The treatment of excess ear wax was described by Aulus Cornelius Celsus in De Medicina in the 1st century:

When a man is becoming dull of hearing, which happens most often after prolonged headaches, in the first place, the ear itself should be inspected: for there will be found either a crust such as comes upon the surface of ulcerations, or concretions of wax. If a crust, hot oil is poured in, or verdigris mixed with honey or leek juice or a little soda in honey wine. And when the crust has been separated from the ulceration, the ear is irrigated with tepid water, to make it easier for the crusts now disengaged to be withdrawn by the ear scoop.
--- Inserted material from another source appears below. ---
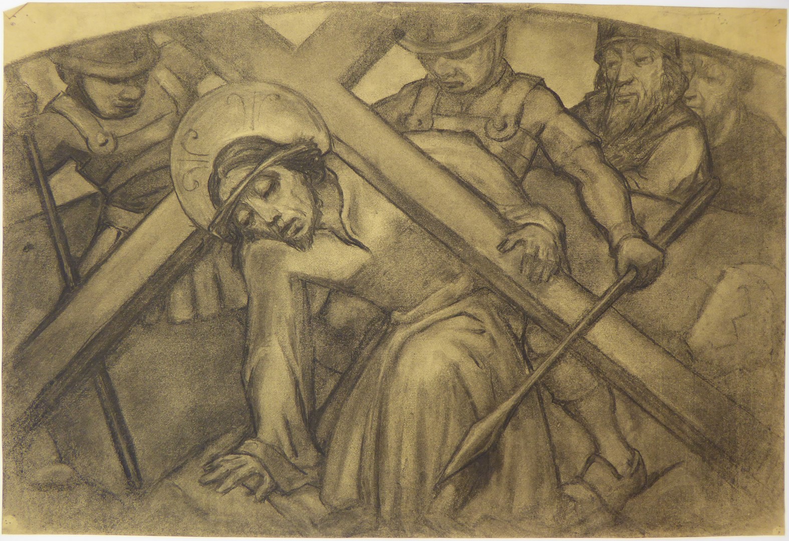 Voorstudie kruiswegstatie met de eerste val van Jezus onder het kruis

If it is wax, and if it is soft, it can be extracted in the same way by the ear scoop; but if hard, vinegar containing a little soda is introduced; and when the wax has softened, the ear is washed out and cleared as above. ... Further, the ear should be syringed with castoreum mixed with vinegar and laurel oil and the juice of young radish rind, or with cucumber juice, mixed with crushed rose leaves. The dropping in of the juice of unripe grapes mixed with rose oil is also fairly efficacious against deafness.

===Uses===
- In medieval Europe, earwax and other substances such as urine were used to prepare pigments used by scribes to illustrate illuminated manuscripts.
- Pliny the Elder, in his Natural History, wrote that earwax—when applied topically—cured bites from humans, scorpions, and serpents; it was said to work best when taken from the ears of the wounded person himself.
- Early American lip balms may have been based on earwax. The 1832 edition of the American Frugal Housewife said that "nothing was better than earwax to prevent the painful effects resulting from a wound by a nail [or] skewer"; and also recommended earwax as a remedy for cracked lips.
- Before waxed thread was commonly available, a seamstress would use her own earwax to stop the cut ends of threads from fraying.
- Earwax retains concentrations of cortisol over time. As cortisol levels change throughout the day and increase in response to stress, long-term measurements are difficult yet necessary. A 2020 study suggests swabbing earwax as a method of measuring long-term cortisol levels that is noninvasive and does not confound itself.